There is no dispute that the pre-judgment interest began accruing on March 26, 2005, the day that suit was filed. Pre-judgment interest should have stopped accruing, however, on December 5, 2005, the day preceding the date judgment was rendered, not on November 30, 2005, "when the jury verdict was rendered." Accordingly, we reform the judgment to reflect 5% interest on $1,800 from March 26, 2005 to December 5, 2005. (2)
Argueta also contends that he "is entitled to postjudgment interest on all amounts, in compounded interest, at a rate of 5% per annum from December 6, 2005 until paid in full." The final judgment provided for postjudgment interest as follows:
"IT IS FURTHER, ORDERED, ADJUDGED AND DECREED that Plaintiff, CESAR BANALES, [sic] have and recovery [sic] post-judgment interest on this judgment at the interest rate of ten
percent (5%) [sic] per annum from the date used entered until it is paid."
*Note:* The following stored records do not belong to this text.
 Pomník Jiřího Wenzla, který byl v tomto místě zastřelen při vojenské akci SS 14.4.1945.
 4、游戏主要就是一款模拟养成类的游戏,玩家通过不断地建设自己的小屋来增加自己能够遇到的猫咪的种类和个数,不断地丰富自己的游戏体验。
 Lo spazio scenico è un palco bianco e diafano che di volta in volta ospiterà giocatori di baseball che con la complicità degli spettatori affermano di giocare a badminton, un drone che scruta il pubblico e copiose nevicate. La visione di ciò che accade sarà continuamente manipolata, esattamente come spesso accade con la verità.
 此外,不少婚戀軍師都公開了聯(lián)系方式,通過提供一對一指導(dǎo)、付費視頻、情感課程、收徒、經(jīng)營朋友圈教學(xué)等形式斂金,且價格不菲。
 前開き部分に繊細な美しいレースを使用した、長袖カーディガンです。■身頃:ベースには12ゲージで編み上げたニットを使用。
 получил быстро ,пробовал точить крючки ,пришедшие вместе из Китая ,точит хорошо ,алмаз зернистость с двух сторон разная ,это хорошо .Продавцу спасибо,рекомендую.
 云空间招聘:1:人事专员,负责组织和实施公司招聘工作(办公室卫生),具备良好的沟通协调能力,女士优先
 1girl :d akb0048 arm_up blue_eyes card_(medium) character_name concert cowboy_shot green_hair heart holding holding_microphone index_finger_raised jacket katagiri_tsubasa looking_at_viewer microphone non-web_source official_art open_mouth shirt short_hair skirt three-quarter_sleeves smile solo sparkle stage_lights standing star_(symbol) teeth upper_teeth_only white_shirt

Postjudgment interest on a money judgment accrues during the period beginning on the date the court renders judgment and ending on the date the judgment is satisfied. Tex. Fin. Code Ann. § 304.005(a) (Vernon Supp. 2006). Postjudgment interest, unlike prejudgment interest, is not an element of the measure of damages in a personal injury case. Univ. of Tex. Med. Branch at Galveston v. York, 808 S.W.2d 106, 112 (Tex. App.--Houston [1st Dist.] 1991) rev'd on other grounds, 871 S.W.2d 175 (Tex. 1994). Instead, postjudgment interest is compensation allowed by law for the use or detention of money computed from the date of the rendition of a judgment until the date of its satisfaction. Tex. Rev. Civ. Stat. Ann. art. 5069-1.05, § 3(a) (Vernon Supp.1991). When a judgment debtor makes a timely, unconditional tender of payment of the judgment, no postjudgment interest will be allowed. Trevino v. City of Houston, 695 S.W.2d 289, 291 (Tex. App.--Houston [1st Dist.] 1985, writ ref'd n.r.e.).
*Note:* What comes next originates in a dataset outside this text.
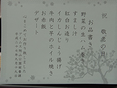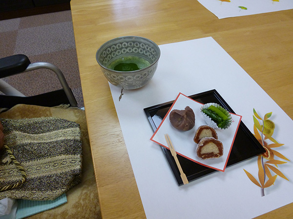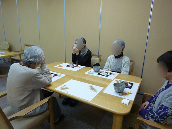 箸休めに野沢菜を添え、いろいろな味を楽しめると好評で、入居者様同士で柿と栗の話で会話が弾んでいました。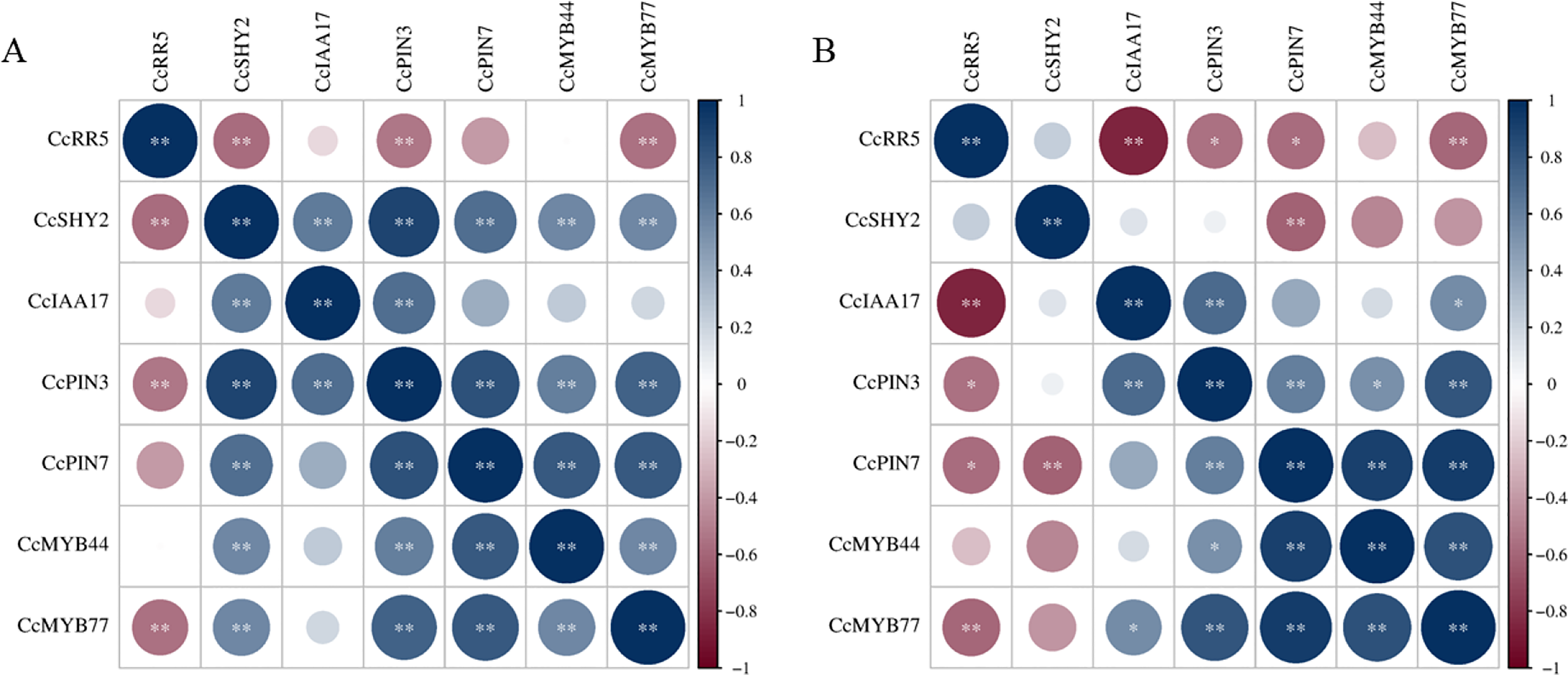 The correlation between expressions of CcRR5 and root-related genes in the leaves (A) and roots (B) of CcRR5 transgenic plants. The color bar represented the range of correlation coefficient (r). *p < 0.05; **p < 0.01.

Banales responded that Argueta "is not entitled to postjudgment interest as [Banales] tendered the amount of judgment immediately after it was signed." A tender, to be effective, must be legally valid; it must be unconditional; and it is without legal effect if it is accompanied by conditions which the debtor has no right to impose. Baucum v. Great Am. Ins. Co. of New York, 370 S.W.2d 863, 866 (Tex. 1963); e.g., Plasky v. Gulf Ins. Co., 160 Tex. 612, 616, 335 S.W.2d 581, 583-84 (Tex. 1960). The burden of proving a valid tender is on the party asserting it. Rozelle v. First Nat'l Bank in Dallas, 535 S.W.2d 768, 771 (Tex. Civ. App.-- Waco 1976, writ ref'd n.r.e.); e.g., Bus. Aircraft Corp. v. Elec. Communications, Inc., 391 S.W.2d 70, 71 (Tex. Civ. App.--San Antonio 1965, writ ref'd n.r.e.). Here, there is no verification in the record that Banales unconditionally tendered the amount of the judgment. (3) Furthermore, given our holding regarding prejudgment interest, the amount of the judgment will be reformed.
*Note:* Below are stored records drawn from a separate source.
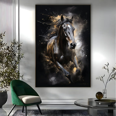 See kunstiteos edastab tugevat vabaduse ja jõu tunnet. Tausta tumedate toonide ja kuldsete valguste kontrast rõhutab hobuse kuju, tuues selle jõuliselt esile. See on ideaalne teos neile, kes armastavad loomi ja soovivad lisada oma sisekeskkonnale energiat ja elujõudu.
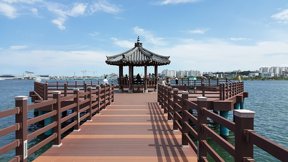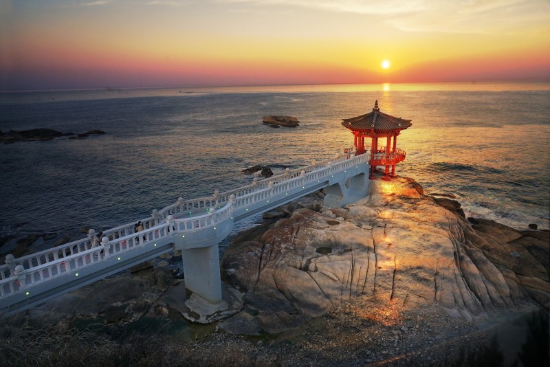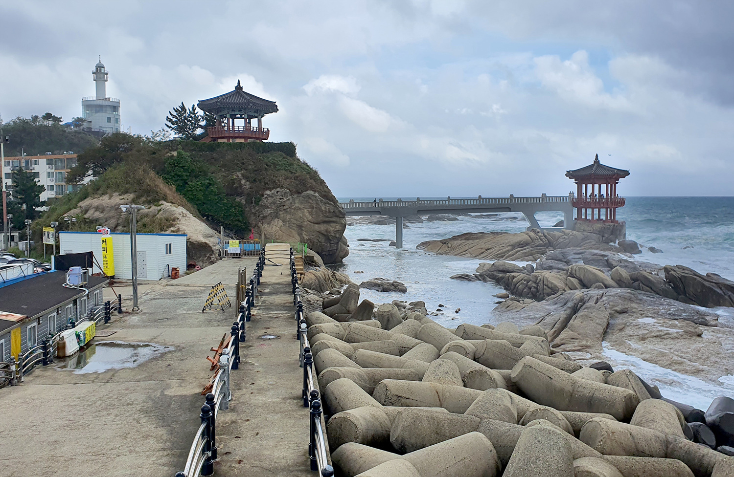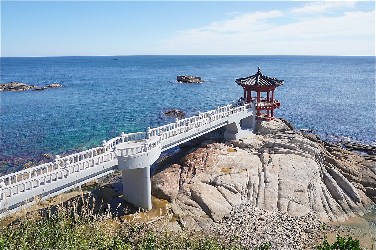 남쪽 방파제 부근으로 실제 정자를 하나 만들어 놓았습니다. 이 정자는 영금정 바위 위에 세워진 해상 정자로 50m 정도의 다리를 건너 들어갈 수 있습니다. 대개 해돋이 정자라고 부르는데, 정자 현판에는 영금정이라는 글을 써 놓았습니다.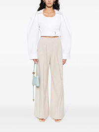 Pompori wide-leg trousers Highlights - Beige - Textured finish - High waist - Pleat detailing - Two side inset pockets - Wide leg - Concealed rear zip fastening Imported Composition Polyester 56%, Cotton 44% SIZE & FIT Model measurements Height 5 ft 10 in(1.78 m) Bust/Chest 33.07 in(84 cm) Hips 35.82 in(91 cm) Waist 25.98 in(66 cm) FittingInformation Designed with a wide-leg cut, these trousers allow for a close fit at the waist and offer a loose and roomy fit over the leg Made from a midweight non-stretch fabric This piece fits true to size – take your usual size Measurement FRONT RISE 12 in(30.5 cm) INSIDE LEG 32.99 in(83.8 cm) BACK RISE 14.01 in(35.6 cm) HIPS 40 in(101.6 cm) Hem Width 25.98 in(66 cm) WAIST 27.99 in(71.1 cm)

We order the clerk to retax the costs, and we remand this case to the trial court to calculate prejudgment interest consistent with this opinion and correct the judgment to reflect the correct interest rate. In all other respects, we affirm the trial court's judgment.
George C. Hanks, Jr.
Panel consists of Justices Nuchia, Hanks, and Bland.
1. "The successful party to a suit shall recover of his adversary all costs incurred therein, except where otherwise provided." Tex. R. Civ. P. 131.
2. We have already determined that Argueta was not entitled to the additional $1,100.
3. The record does contain a copy of a letter that Banales sent to Argueta's attorney. Attached to the letter is a copy of the check for the judgment. The letter indicates that the check will be released once Argueta signs a power of attorney releasing the car, and once he produces the original title for the car. The record is silent as to whether the check was actually given to Argueta.